I love writing, I mean I love writing, right? I have to love writing because I’m an English major, duh. And I love reading and I must love poetry and Shakespeare must be my favorite dude of all time… because I’m an English major.
That’s not how it works. No, I don’t like reading as much as people expect and I don’t like sitting around staring at a piece of paper wondering what to write about for an essay. I’m not a math major or a physics major so why am I complaining?
Because I can. Because this is not easy and the pressure is on. Because on top of being an English major, I’m trying to figure out what to do with this thing called life, just like you and every other person in the universe.
I’m an English major and that means figuring out how to say what I need to say on paper, and how to say it the right way. There is no formula for the perfect essay, there is no answer key because anything and everything can be either right or wrong.
So why did I major in English if I despise it so much? Why would I care about a piece of work that a dead man wrote hundreds of years ago?
When everyone around me, including me, knows that I can’t spell for the life of me. That I lack the ability to use proper grammar. That I have yet to remember the writings of famous authors, while every other English major can name at least three dead people and one of their famous pieces of work.
I followed my gut. I did what I had never done before, I chose to listen to myself rather than someone else. I made the choice to be an English major, I chose to put myself in a shitty situation knowing that it would be really hard. I wanted to become a better writer and to somehow take the thoughts in my head and put them on paper. I wanted a challenge and the freedom to say what I wanted and prove to people that what I am writing is valid.
Instead of doing something math related, which everyone knows comes naturally to me, I chose to do something that I was, and still am, not so hot in.
I didn’t bother looking at the statistics of being guaranteed a job with a BA in English. I didn’t bother figuring out what I wanted to do with my degree. No, I just went for it. I chose a major that honestly doesn’t have a promising future, a major that can’t promise me a job right out of college… but I put myself in this situation. This is what I wanted.
It’s the fact that I made this choice, that would evidently shape a certain path in which my future takes me. The fact that I put myself in this situation excites me and makes me eager to see where I’ll be in the next few years. If I listened to my high school career counselor and followed the computer science route, if I listened to everyone else who excitingly encouraged me to pursue a degree in CS, if I continued to be in that level one CS class in college rather than listening to my gut and dropping it after day one, things would be different now. Fingers would be pointed at so many people for the cause of my misery.

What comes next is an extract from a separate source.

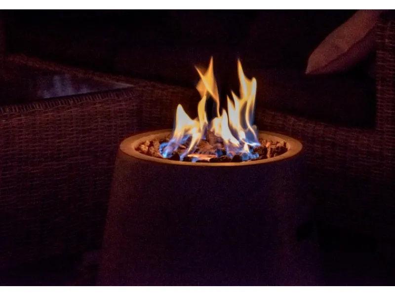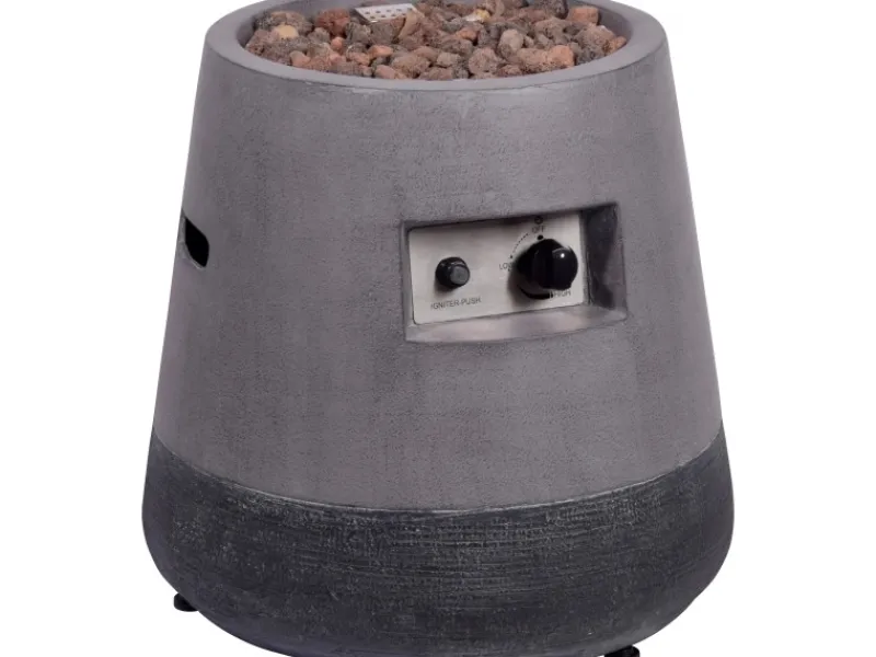 Die Steine sind ein hervorragender Wärmespeicher und verbreiten langanhaltende, angenehme Wärme, sobald sie erhitzt werden. Die Feuerschale wird mit Propangas betrieben und verfügt über einen elektrischen Anzünder, der über eine AAA-Batterie betrieben wird. Ein automatischer Abschaltmechanismus garantiert maximale Sicherheit bei der Benutzung der Feuerschale. Zu dieser gehören eine Polyester-Abdeckung, ein Gasschlauch mit Regler und ein Metallständer.

Here I am writing and it is hard, but I have no one to point fingers at except myself and that only motivates me to prove to myself that I can do this. That right after I’m done writing this, I can finish that pesky essay that is due in two days, because damn I’m in trouble. Every time I get frustrated, every time I have writer's block, I ask myself who chose this path and why?
Life is so much better when you make your own choices and are responsible for your own actions. Trust me. I have a love, hate relationship with being an English major, but I did make this choice on my own.
I have faith that my decision will pay off someday in the near future.
For now, I’ll keep writing and running into walls one line at a time.